# COLLECTED DATA
_ _ _ _

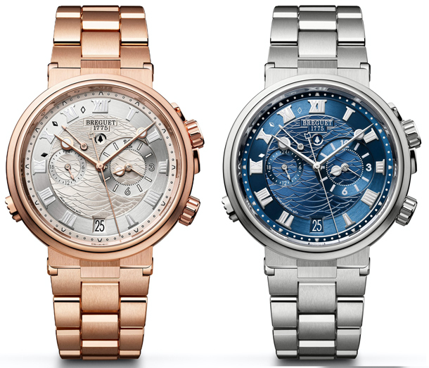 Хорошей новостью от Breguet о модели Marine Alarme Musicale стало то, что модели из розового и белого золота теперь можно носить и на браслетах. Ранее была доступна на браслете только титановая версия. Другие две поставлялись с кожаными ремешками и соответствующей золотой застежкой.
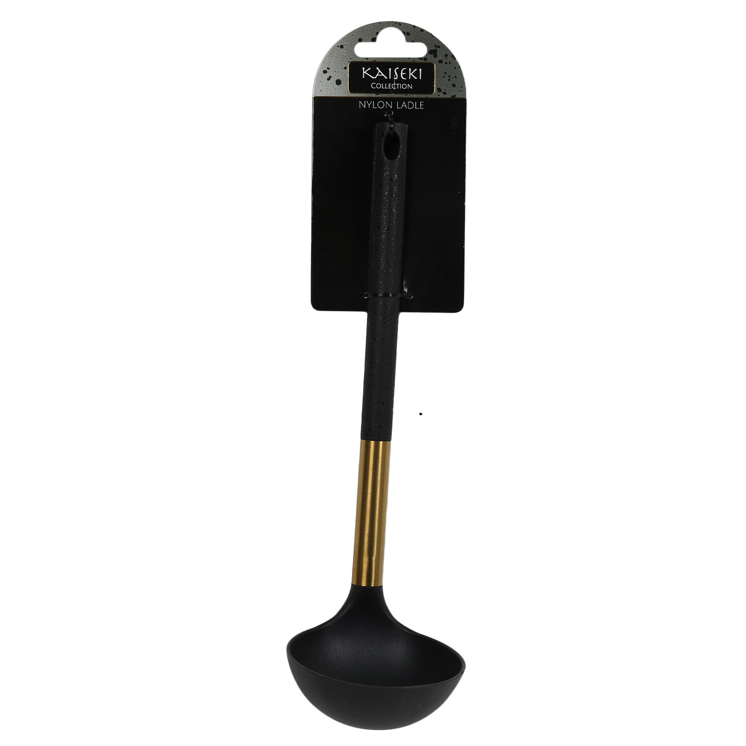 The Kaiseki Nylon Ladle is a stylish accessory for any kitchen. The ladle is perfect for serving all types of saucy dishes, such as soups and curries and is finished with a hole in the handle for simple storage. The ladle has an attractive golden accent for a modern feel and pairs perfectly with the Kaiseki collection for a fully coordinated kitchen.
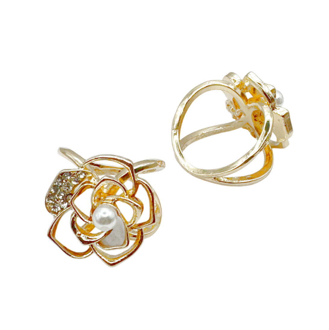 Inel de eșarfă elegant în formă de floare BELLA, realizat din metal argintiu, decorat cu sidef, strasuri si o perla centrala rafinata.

_ _ _ _

# EXERCISE DETAILS
Full transcription of the material, exact in every line, without images.

# SOLVED PROBLEM
 Хорошей новостью от Breguet о модели Marine Alarme Musicale стало то, что модели из розового и белого золота теперь можно носить и на браслетах. Ранее была доступна на браслете только титановая версия. Другие две поставлялись с кожаными ремешками и соответствующей золотой застежкой.
 The Kaiseki Nylon Ladle is a stylish accessory for any kitchen. The ladle is perfect for serving all types of saucy dishes, such as soups and curries and is finished with a hole in the handle for simple storage. The ladle has an attractive golden accent for a modern feel and pairs perfectly with the Kaiseki collection for a fully coordinated kitchen.
 Inel de eșarfă elegant în formă de floare BELLA, realizat din metal argintiu, decorat cu sidef, strasuri si o perla centrala rafinata.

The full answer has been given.